You should know substituting the milk and butter ingredients with heavy whipping cream when making Kraft Macaroni & Cheese makes for a creamier and, in my opinion, tastier cheese sauce.
Necessity is the mother of all innovation. I was out of milk one fateful day, without knowing it, and began making some Kraft Mac ‘n Cheese before I discovered this sad fact. From there, I could have gone with the age old practice of not straining all the water out of the noodles in order to have enough moisture to mix in the powdered cheese-but, ya… no thank you.

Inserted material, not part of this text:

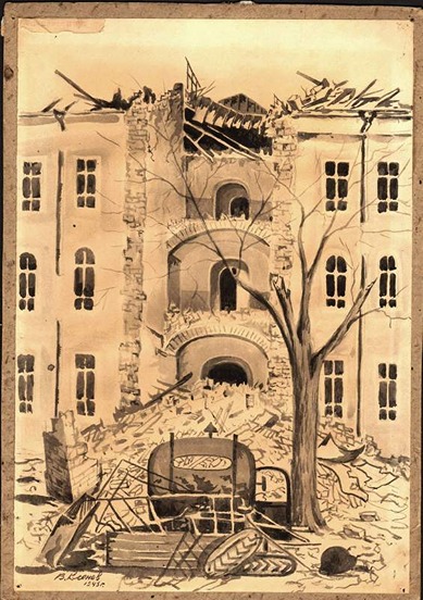 В.Г. Кленов Разрушенное здание школы на пр. Октябрьской революции (Бывшая Ольгинская гимназия) январь 1943 г.
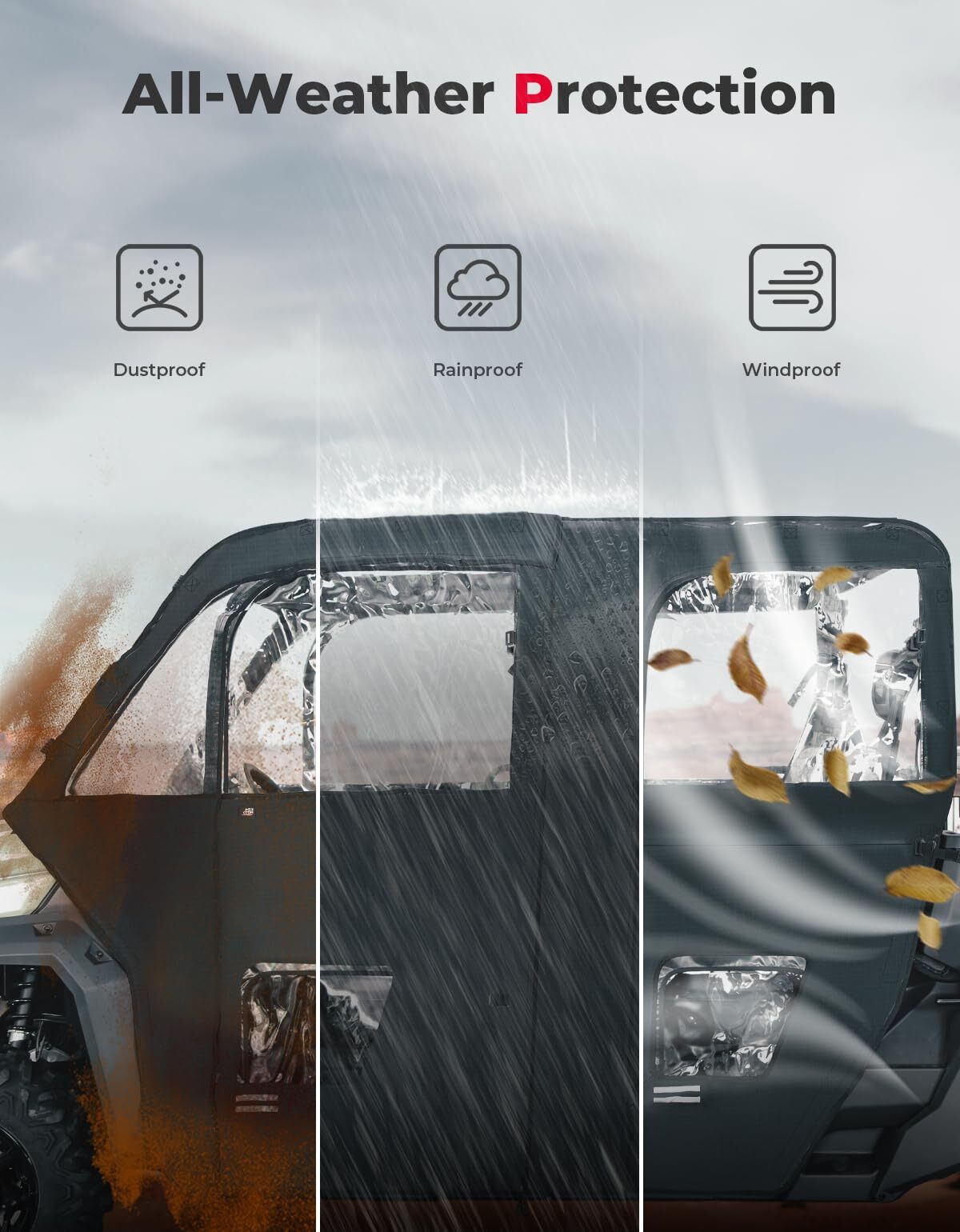The KEMIMOTO soft doors are made of waterproof PVC fabric and high-definition transparent film, and the sturdy and durable soft cab enclosure provides excellent weather protection. Our soft full windshield can effectively preventing rainwater, snow, sand, dust, leaves, and other debris from entering the UTV, keeping the cab clean and tidy, ensuring maximum driving comfort.

Luckily, I noticed where the milk normally was there happened to be some heavy whipping cream, which I usually use for making sauce for Chicken Pesto Tortellini (which might just be one of the most ridiculously delicious and easy to make meals on the planet).
I then mixed a little of the heavy whipping cream with the strained noodles (no need for butter here) and the result was Kraft Mac ‘n Cheese taken to a whole different level of creamy goodness. Give it a try. Just don’t go too heavy on the heavy whipping cream, lest it end up a bit tangier than you might have hoped for. I don’t actually measure it, but just give it a little splash, stir, then add as necessary until all the cheese is uniformly distributed.
Pro-tip: If you’re eating for one, remove about 1/3 of the noodles in the mac ‘n cheese box and put it aside in a zip lock bag or other container to be used for a different meal. This increases the cheesiness of the end mac ‘n cheese, while also cutting some of the calories out of what you would have eaten. If you add chicken breast and some crumbled extra crispy bacon, you can even bring it down to about half the box of noodles and the end product is practically gourmet… err, well, at least compared to straight boxed mac ‘n cheese.
As promised, here’s an extremely easy and fairly quick to make Chicken Pesto Tortellini recipe that is ridiculously tasty (recipe is for 1 serving, multiply as needed):
- 1 cup cheese stuffed tortellini
- 1/8th cup grated Parmesan cheese
- 1/8th cup pesto
- 1/4 to 1/2 cup of heavy whipping cream (depending on how much sauce you like- I personally tend to go with the half cup.)
- broccoli (however much you like)
- 1 chicken breast
Cook the chicken breast (I usually boil it to keep it extra moist) and steam the broccoli. While you’re doing that, boil or steam the tortellini. Next, pour the whipping cream in a sauce pan and mix in the pesto, Parmesan cheese, broccoli, and diced chicken breast, then bring the sauce to a simmer. Once simmering, strain the tortellini and mix it in with the simmering sauce. That’s it!